At last count I’ve got 30 shows set up to record every week on the DVR. I’ll need to start winnowing that down soon, both to cut down on mandatory TV watching time, and also because I don’t think I can take much more courtroom drama.

While there are a couple of sitcoms that are attracting my attention this year — The Class has promise, for example — this year seems to be the Year of Hour Long Drama. And big themes seem to be the aforementioned courtroom (Justice, Shark), weird shit happening (Jericho, Six Degrees, Heros) and kidnapping and crime (Kidnapped, Vanished, Smith).

The real big trend, however, is the “last five minutes power montage,” a phenomenon that started a few years ago, and is even more the rage this year. The formula involves taking the last five minutes of a drama — basically everything after the last commercial — and running a mournful pop song or power ballad over a montage of one or more characters as they work out the ramifications of whatever killing, kidnapping, or random happenstancing they’ve engaged in over the episode.

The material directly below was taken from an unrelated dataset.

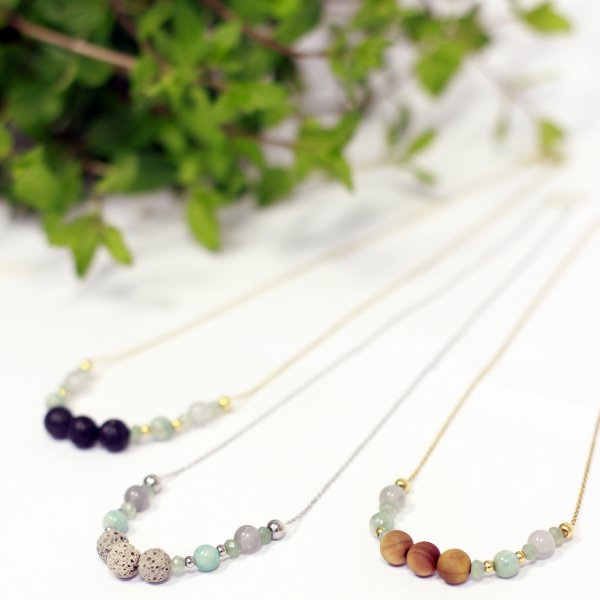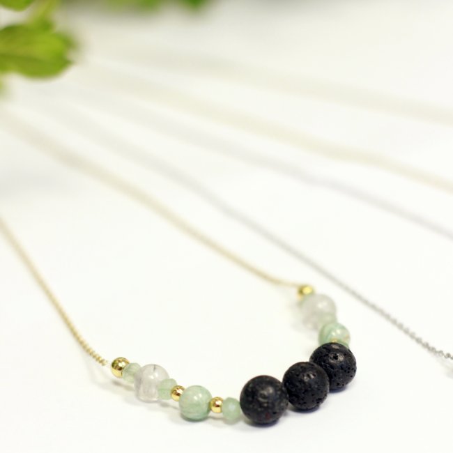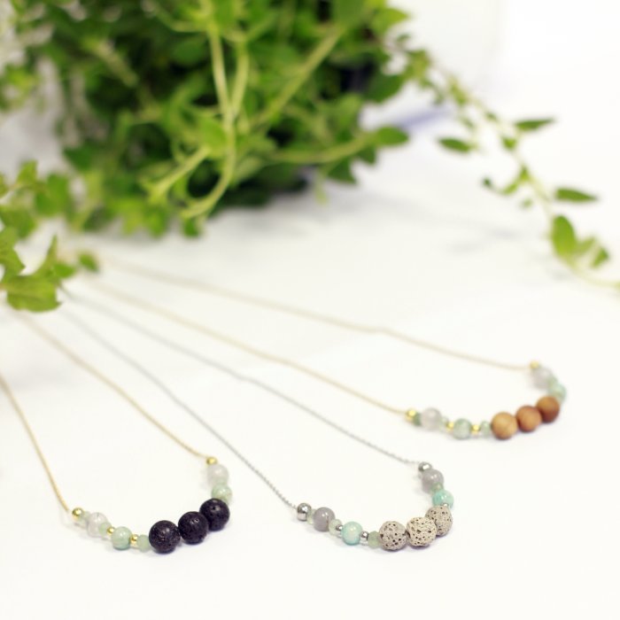 COLLAR DIFUSOR DE ACEITES; HECHO A MANO CON CADENA DE ACERO INOXIDABLE, PIEDRAS NATURALES DE AMAZONITA, CUARZO GRIS, JADE, BOLAS DE ACERO Y MADERA O LAVA VOLCANICA NEGRA O GRIS.
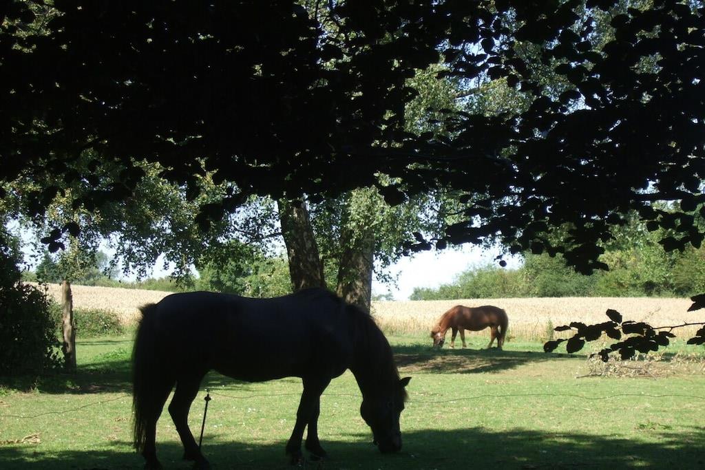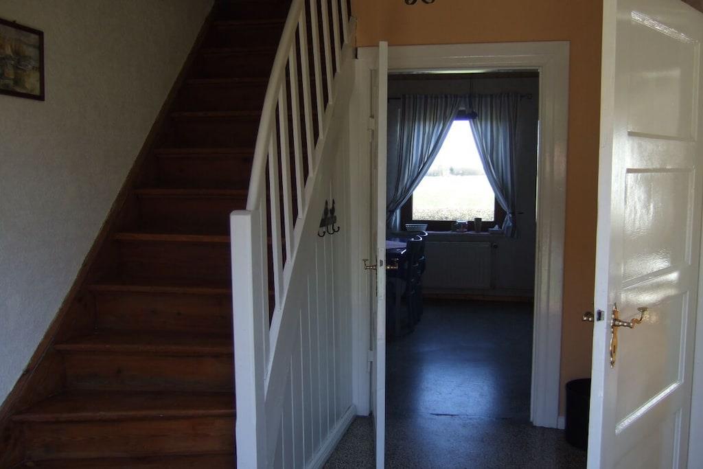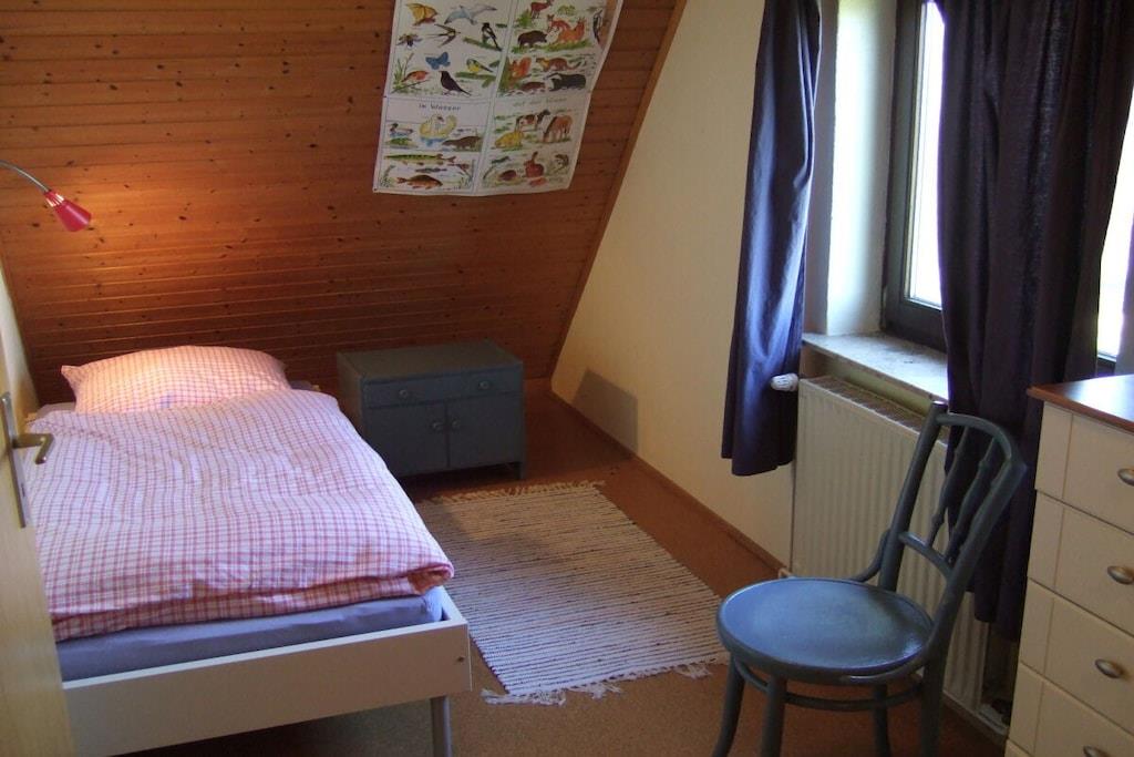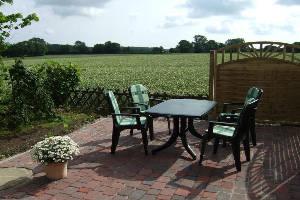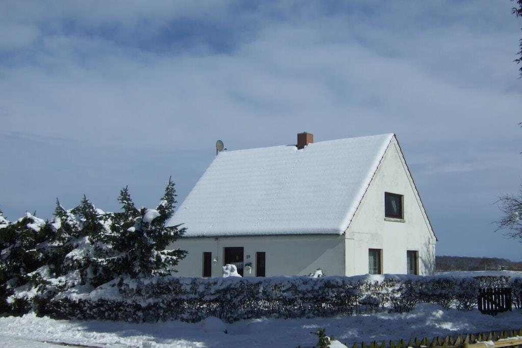 Feriehuset med en lille have og terrasse ligger cirka 200 meter fra vores gård, roligt i udkanten af landsbyen med en smuk udsigt over markerne. Det er cirka 75 kvadratmeter stort og har en stue, 2 soveværelser, et køkken og et badeværelse med bruser. Hvis du har lyst, er du velkommen til at komme til vores gård når som helst for at lege (gynge, vippe, sandkasse, bordtennisbord osv.) og kæle med vores dyr (katte, kaniner, kyllinger, grise).

So the end of an episode of Smith might be made up scenes of Ray Liota driving home from the latest crime spree, fading back and forth with scenes of his wife lying in bed wondering whether he’s back to criming again, overlaid with an Imogen Heap song.

I hope Imogen Heap is making out like a bandit herself this year, by the way: I’ve encountered her songs used montagely, in Six Feet Under, and also in several movies. Her Hide and Seek, which starts “Where are we? What the hell is going on? The dust has only just begun to fall…,” is all over the place this year, presumably because that opening line can be used to illustrate so much of the angst, criming, and weird shit that’s all over TV.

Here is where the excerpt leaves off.